Moreover, the “housing” aspects of the plan are only a minor part of its data base, which includes far more information about the region’s demographics than about its housing stock. A more accurate description would be to call this a “householder” study, its glaring gaps in actual housing information acknowledged by the study’s own repeated recommendations for still more study, such as its call for Staunton to “conduct a detailed housing demand analysis,” or that it “conduct a detailed survey and inventory of vacant/underutilized properties in the city.”

“Plans” are recommended courses of action, and there’s nothing wrong with that.
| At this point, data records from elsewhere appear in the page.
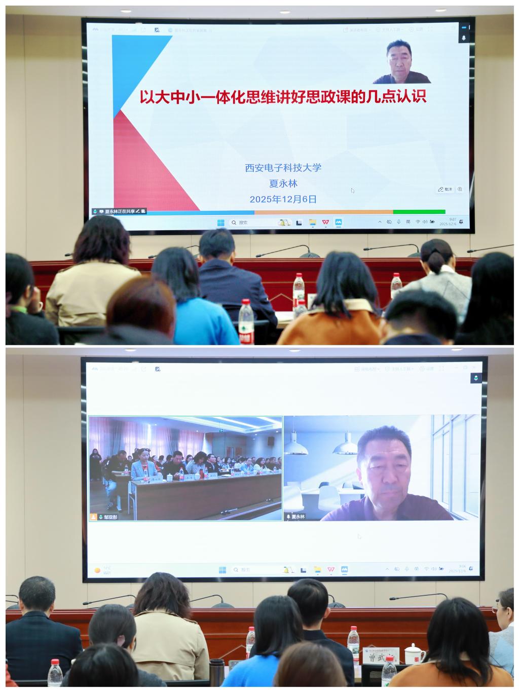 全國網(wǎng)絡(luò)教學名師、西安電子科技大學夏永林教授作題為《以大中小一體化思維講好思政課的幾點認識》的主旨報告。報告從“一體化的由來、關(guān)鍵與實踐路徑”三個維度展開,系統(tǒng)闡釋了大中小學思政課一體化是遵循認知規(guī)律、教育基本規(guī)律和思想政治教育規(guī)律的必然要求。參會教師受益匪淺,紛紛表示,將把一體化育人思維融入教學設(shè)計,立足學段特點,深挖文化資源,讓思政課真正走進學生心靈。
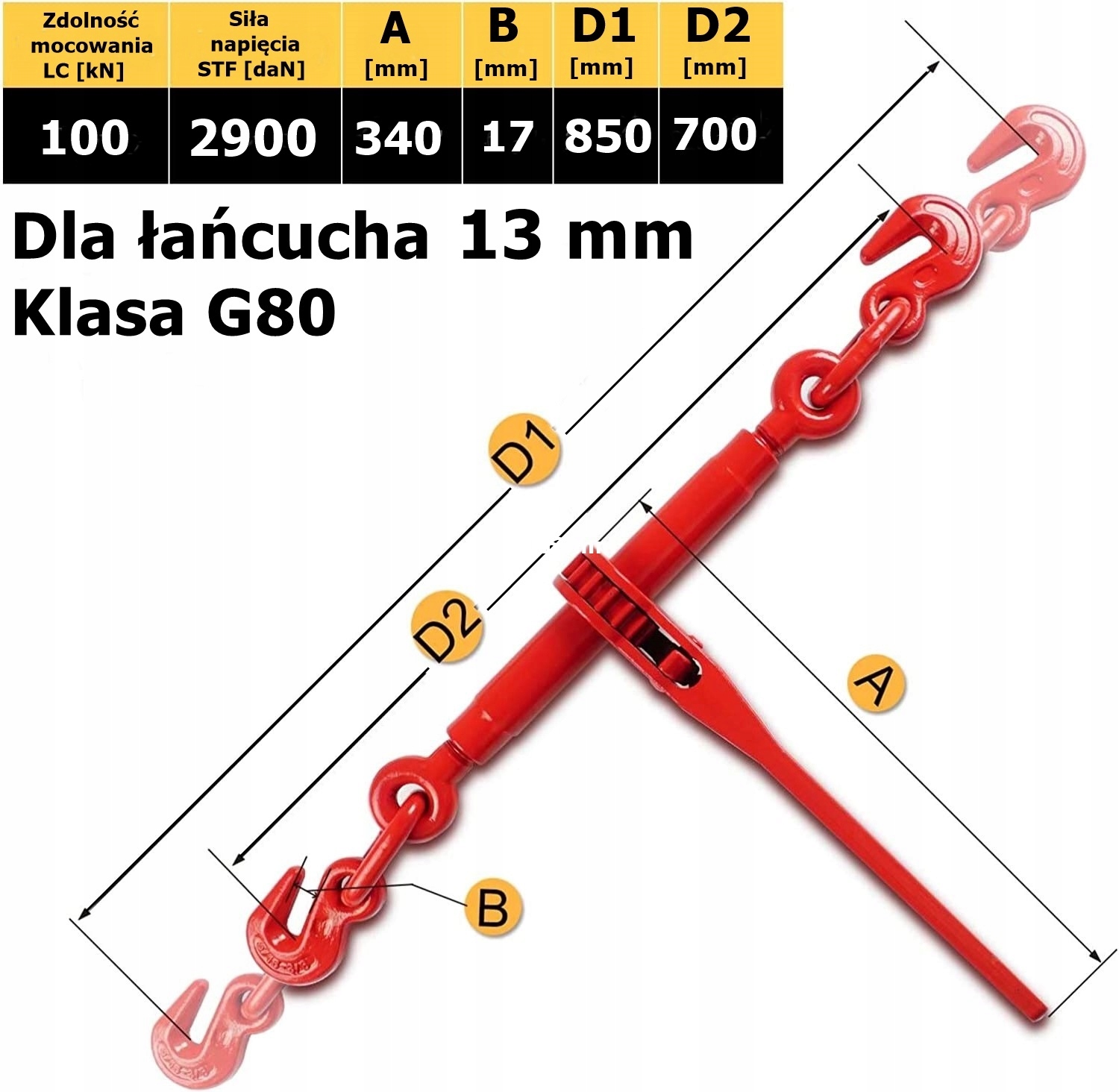 НАТЯГУВАЧ ЛАНЦЮГА + ПОТЯГУВАННЯ 106kN 10.6T L=3m Ø13mm СХВАЛЕННЯ CE
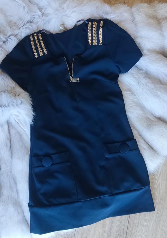 Сукня підійде на дівчат з розміром XS, S. Виконане з цупкої тканини, не кошлатиться. Декороване золотими ланцюжками. Є дві нашиті кишені спереду. Є незамітий дефект, який легко виправити - показано на фото, треба прикріпити ланцюжок.

But plans need legs, which is to say, they need to be built on a solid, factual base if they’re to have merit. Anyone reading their recommendations should be able to see how those proposals were derived from the available evidence. Yet in this case the cart precedes the horse, with the technical report dedicating just 79 pages to facts and numbers, compared to the 218 pages of proposals for how that information should be applied. Nor are those 79 pages weighed down with dense data dumps and spreadsheets: much of what’s there consists of generalized observations and broad conclusions, unburdened by the kind of detail that would allow readers to develop alternative understandings.
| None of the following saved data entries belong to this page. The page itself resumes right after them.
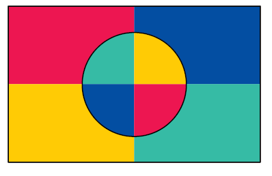 C (UNESP 2018) A figura representa um painel colorido e a imagem de parte desse painel, observada através de uma lente convergente, colocada paralelamente à sua frente. Considerando que o círculo representa a lente, cuja distância focal é igual a F, a distância entre o centro óptico da lente e o painel é
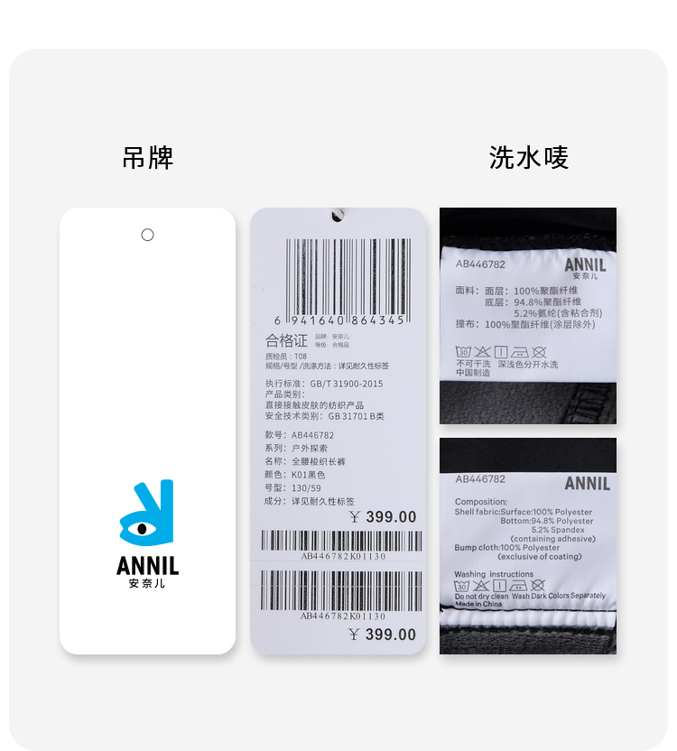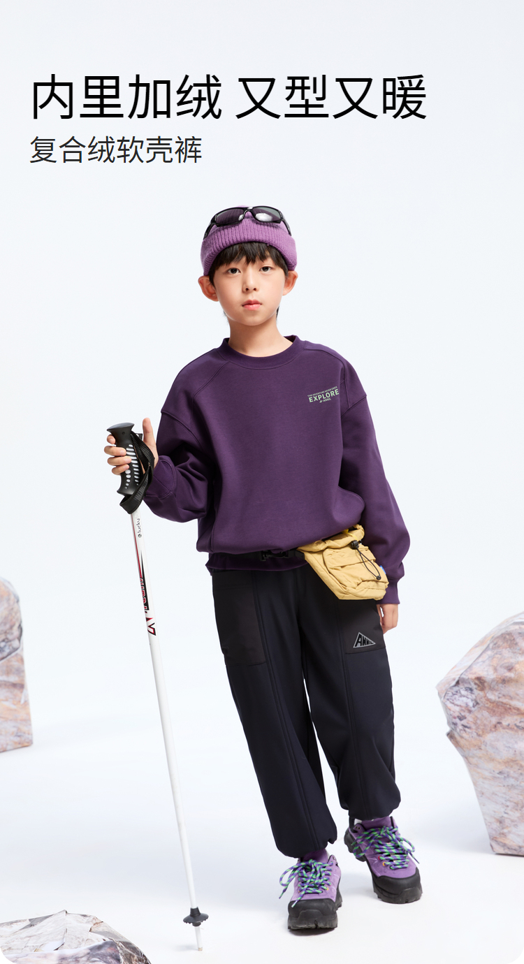 男童复合绒软壳长裤冬季新款安奈儿童装实体店同款AB446782
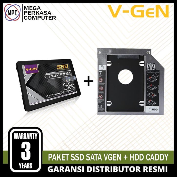 Paket SSD V-GeN SATA 3 2.5" Inch Resmi + HDD Caddy

Take, for example, a section in the technical report headlined “Age and Condition of Housing Stock” that opens as follows: “Stakeholders across the Central Shenandoah footprint mentioned concerns about housing conditions. Focus group participants discussed dilapidated single-family homes that need to be demolished; for-sale inventory that needs updates and in some cases, substantial repair; housing that need [sic] rehabilitation and modifications for current residents; multi-family rental housing that has been neglected by landlords; and mobile homes that need replacement, among other conditions-related challenges.”
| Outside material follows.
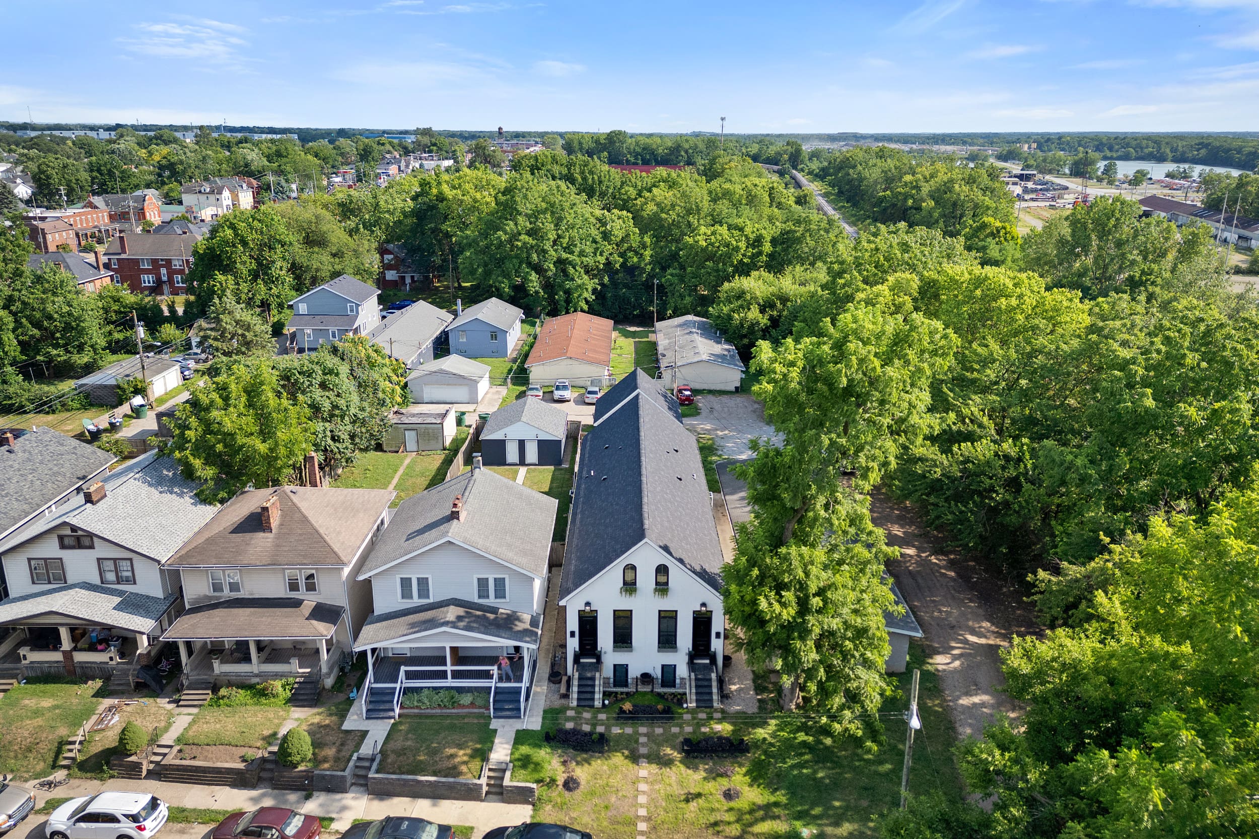 Brenda reflects on the beginning of the project, “Guy had come to me with sketches and a pretty clear vision of what he wanted”. After visiting the site, they headed down the block to Double D’s to review his drawings and began planning. The contractor had the construction know-how but needed guidance on permitting processes. She recalls that, “one of the first steps was to educate the client about zoning and building codes, and how those would dictate the building width, length, and parking configuration.” Brenda handled several zoning variances throughout the process as they were compacting a side-by-side duplex on a narrow lot. She expertly navigated the South Side Area Commission review committee to ensure the building met City requirements while meeting the client’s vision.

That reads like a précis for the section that should follow, a quick summary of compelling issues that can then be explored in more satisfying detail. But it’s all a tease. How many dilapidated homes are ripe for demolition? Where are they located? How extensive are the repairs needed by the for-sale inventory, and how quickly should they be undertaken before these homes fall into the “ripe for demolition” category? What would be the estimated cost of such intervention? Which multi-family housing units need remedial attention, and how many families are affected? Good and reasonable questions all, and all of which go unanswered here or anywhere else in the study.

But even on its own meager terms, the study’s scant data is only part of the problem. This is not just an issue of quantity, but of quality: what’s offered is so far past its “sell by” date that it might as well be tossed into the trash.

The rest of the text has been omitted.